▸ **Dataset excerpts**
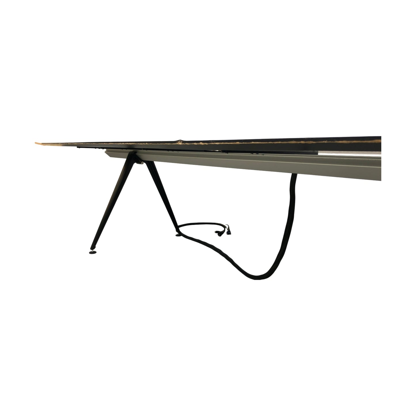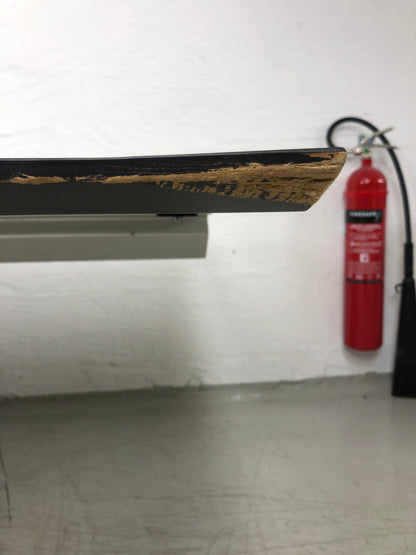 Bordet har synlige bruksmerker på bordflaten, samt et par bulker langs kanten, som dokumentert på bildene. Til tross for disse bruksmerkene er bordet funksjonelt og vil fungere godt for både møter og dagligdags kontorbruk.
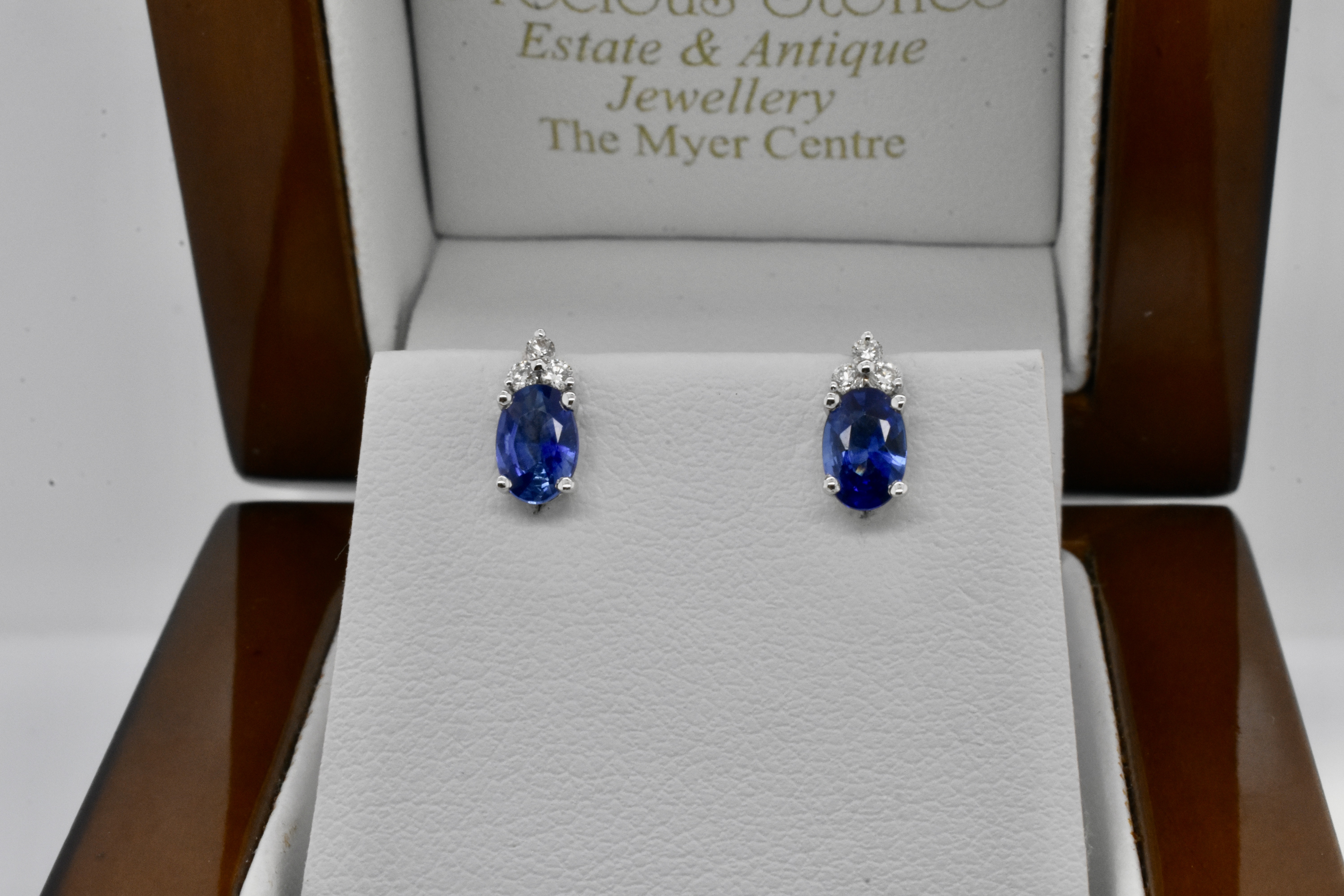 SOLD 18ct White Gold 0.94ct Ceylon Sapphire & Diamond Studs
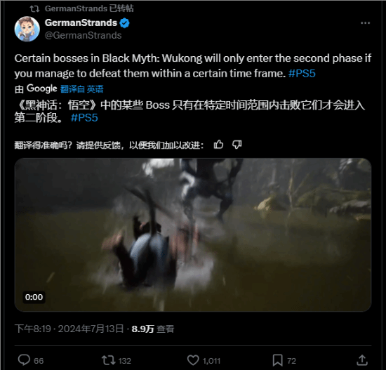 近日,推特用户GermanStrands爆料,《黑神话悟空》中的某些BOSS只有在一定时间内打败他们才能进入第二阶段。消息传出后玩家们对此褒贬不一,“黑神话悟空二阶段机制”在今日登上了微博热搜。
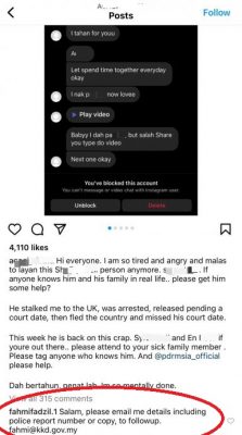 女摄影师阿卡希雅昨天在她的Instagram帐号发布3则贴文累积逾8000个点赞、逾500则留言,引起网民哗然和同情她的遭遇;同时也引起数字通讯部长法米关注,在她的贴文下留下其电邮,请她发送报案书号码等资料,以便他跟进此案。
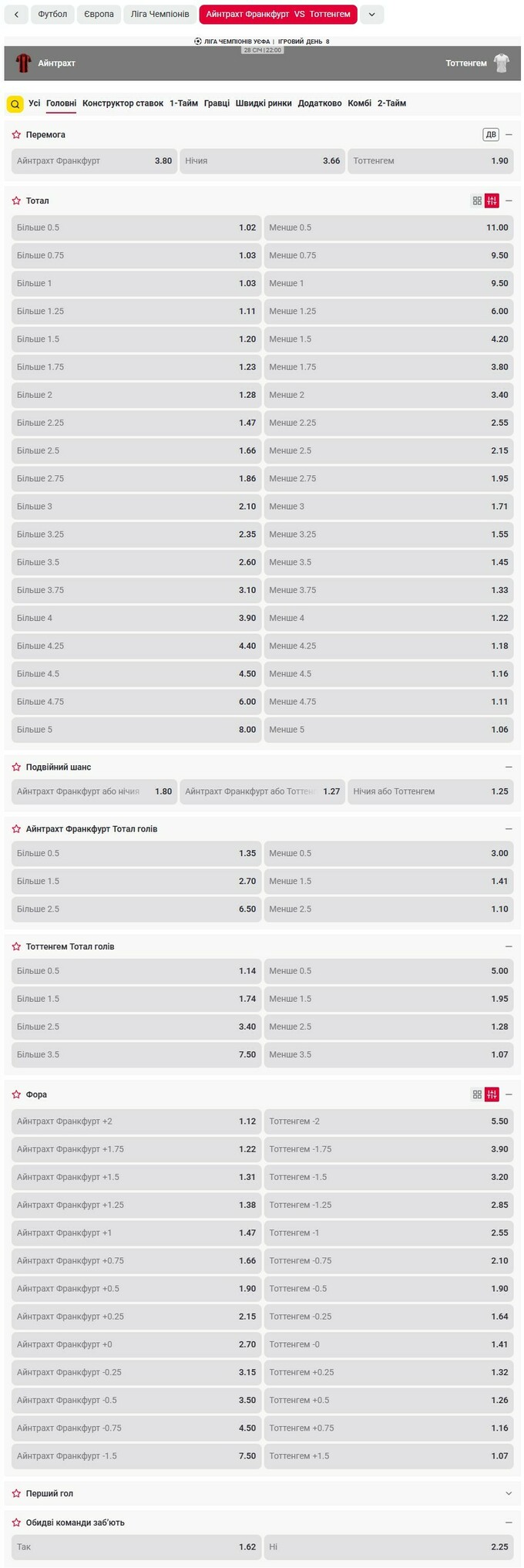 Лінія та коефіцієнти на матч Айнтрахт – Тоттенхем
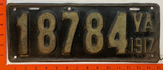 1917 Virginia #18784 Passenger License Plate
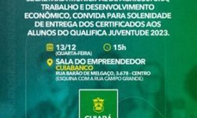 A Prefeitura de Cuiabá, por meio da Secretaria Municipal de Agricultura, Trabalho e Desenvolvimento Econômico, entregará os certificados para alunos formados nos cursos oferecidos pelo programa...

▸ **PROBLEM STATEMENT**
In the entries above, find the line that contains "女摄影师阿卡希雅昨天在她的I", then repeat exactly every line from the first one through that line, with no pictures.

▸ **EXPECTED ANSWER**
 Bordet har synlige bruksmerker på bordflaten, samt et par bulker langs kanten, som dokumentert på bildene. Til tross for disse bruksmerkene er bordet funksjonelt og vil fungere godt for både møter og dagligdags kontorbruk.
 SOLD 18ct White Gold 0.94ct Ceylon Sapphire & Diamond Studs
 近日,推特用户GermanStrands爆料,《黑神话悟空》中的某些BOSS只有在一定时间内打败他们才能进入第二阶段。消息传出后玩家们对此褒贬不一,“黑神话悟空二阶段机制”在今日登上了微博热搜。
 女摄影师阿卡希雅昨天在她的Instagram帐号发布3则贴文累积逾8000个点赞、逾500则留言,引起网民哗然和同情她的遭遇;同时也引起数字通讯部长法米关注,在她的贴文下留下其电邮,请她发送报案书号码等资料,以便他跟进此案。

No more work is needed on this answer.